The ballet is set in mythical India. A Young Girl interrupts a ceremony where a Young Man, whom she loves, is about to become a priest. As punishment for this blasphemy, she is condemned to be put to death by monsters, but a Goddess rises from the lotus, then the Blue God appears and plays his flute to calm the monsters, thus saving her life.
Mata Hari was courted to dance the role of the Goddess, but Diaghilev insulted her by asking her to audition! Reynaldo Hahn composed the score, a strategic commission because Hahn had influential friends – potential patrons – whom Diaghilev needed.
Hahn did his best to avoid orientalist clichés, experimenting with chromaticism and modal writing. The score was not a success.
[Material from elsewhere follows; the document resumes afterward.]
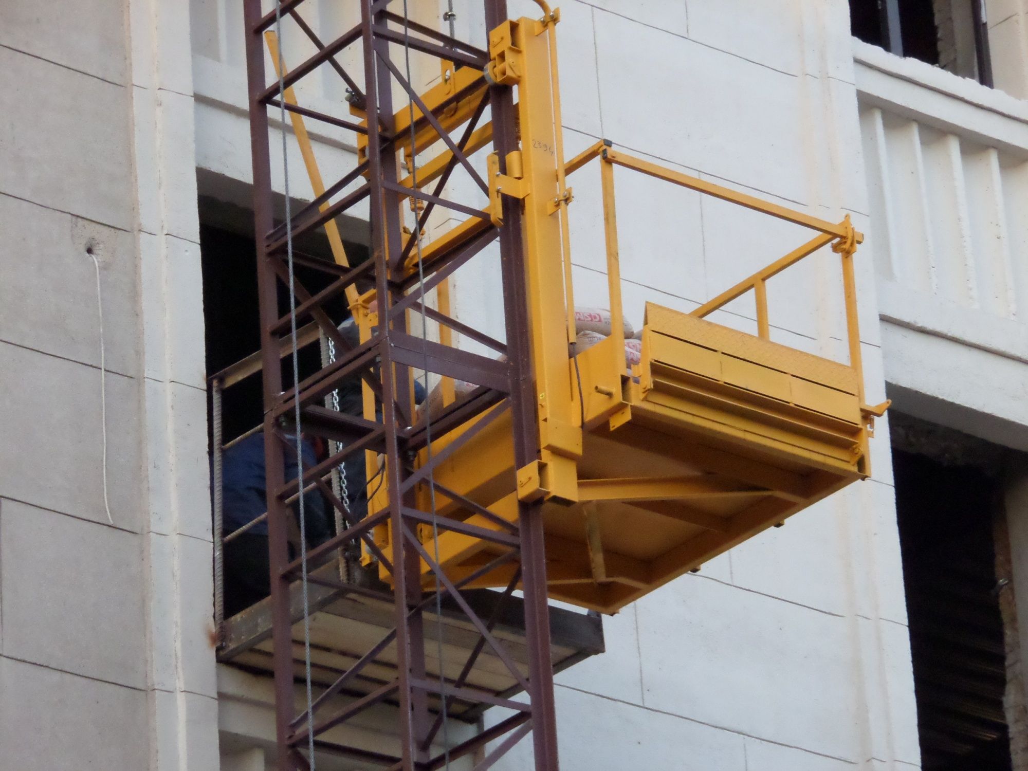 Одномачтовые строительные подъемники грузоподъемностью 500/750 килограмм широко применяются на различных промышленных объектах для подъема, опускания на перекрытия стройматериалов при выполнении отделочных работ или ремонта внутреннего помещения, для проведения монтажных работ вдоль фасада здания. Подъемник представляет собой мачту, которая собирается из отдельных секций длиной 2 метра, что позволяет выдвигать ее на высоту до 100 метров. Груз поднимают при помощи грузовой каретки, а затем подается в проем на выдвижной платформе. Для обеспечения безопасности мачтового подъемника в нем устанавливают ограничитель грузоподъемности, ставят защитные борта и монтируют автоматический тормоз. В случае обрыва троса вследствие аварийной ситуации в мачтовом подъемнике предусмотрены ловители. Наличие и тип ограждения, расположение грузоподъемных механизмов, количество промежуточных остановок и другие дополнительные опции согласовываются при оформлении заказа. Стандартные параметры работы одномачтового грузового подъемника: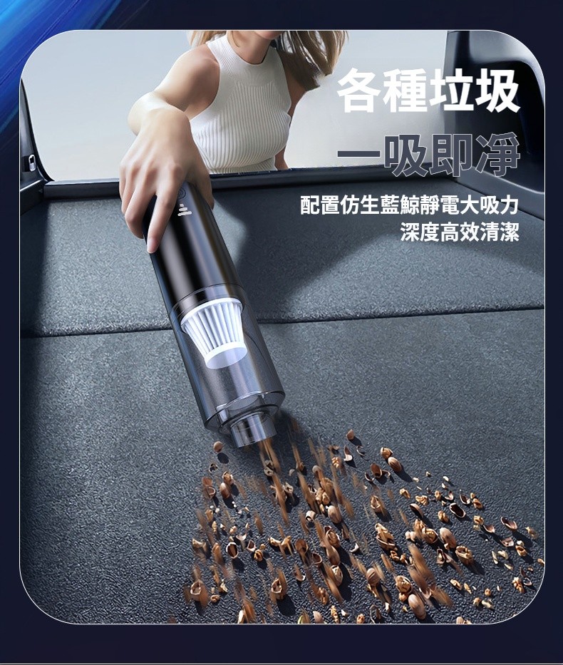 鯨吞級車載吸塵器!3分鐘清完整台車~吸力猛卻靜音,連餅乾屑都逃不掉✨✅ 鯨吞級吸力✅ HEPA可水洗濾網✅ 4合1專業吸頭✅ 車家雙棲

Glazunov reportedly fell asleep during the piano play-through and Prince Lieven, a critic and historian of the Ballets Russes, described it as ‘sweet and insipid’. The ballet premiered at the Théâtre du Châtelet on May 13, 1912, but it flopped. Within weeks of the premiere, along came L’après-midi d’un faune and Daphnis et Chloé, after which Le Dieu bleu was all but forgotten.
You will find hardly any of this information in B Records’ scant booklet for this live recording (download only) by Les Frivolités Parisiennes, conducted by Dylan Corlay. There’s no synopsis, not even a track-listing, which really won’t do. I found myself imagining what Palazzetto Bru Zane could have done with it … and lo, in the media base on Bru Zane’s website is an excellent eight-page article (in French) by musicologist Christophe Mirambeau, who is interviewed (briefly) in the booklet here, which focuses more on the (fine) orchestra and the circumstances of the performance, which included an animated video.
Hahn’s music is not without interest and his score is decently played. The Prélude begins with a sinuous, Syrinx-like flute solo – composed a year before Syrinx! – and there is some unusual orchestration, from weighty orchestral forces to chamber-like ensembles. The ‘Danse de Yoghis’ for winds and percussion is striking, while a piano ripples in ‘Clair de lune’.
A curiosity, not best served by the meagre presentation.